The electronic device of claim 1, wherein the control core is configured to control the PE array to perform a multiply-and-accumulate (MAC) computation in a state where some of the plurality of memory blocks are turned off.
A method of operating an electronic device including a neural processing unit (NPU), the NPU comprising: a processing element (PE) array; a local memory which is configured with a plurality of local memory blocks and which stores data on a plurality of feature maps processed in the PE array; and a control core configured to control the PE array and the local memory, and the method comprising controlling the local memory such that at least one local memory block from among the plurality of local memory blocks is turned off based on a size of a feature map corresponding to a layer.
The method of claim 12, the electronic device further comprising: a main memory which stores an artificial neural network model in a first language format so as to provide the NPU with the artificial neural network model; and a processor which provides the NPU with the artificial neural network model stored in the main memory in the first language format, and the method further comprising: compiling the artificial neural network model in the first language format to a second language format; and tagging a buffer capacity of a local memory corresponding to a size of the feature map to the compiled artificial neural network model.

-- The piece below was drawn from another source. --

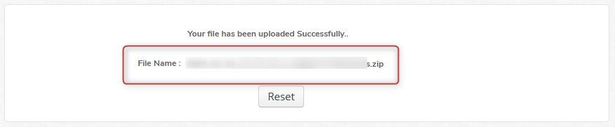 - [File Name :]に表示されたファイル名をコピーし、アップロード完了の連絡とともにサポート担当者にご連絡ください。

The method of claim 13, wherein the compiling comprises: tagging a first buffer capacity corresponding to a feature map size of a first layer to an artificial neural network model in the second language format; tagging a second buffer capacity corresponding to a feature map size of a second layer, which is processed next to the first layer, to the artificial neural network model in the second language format; and tagging a third buffer capacity corresponding to a feature map size of a third layer, which is processed next to the second layer, to the artificial neural network model in the second language format.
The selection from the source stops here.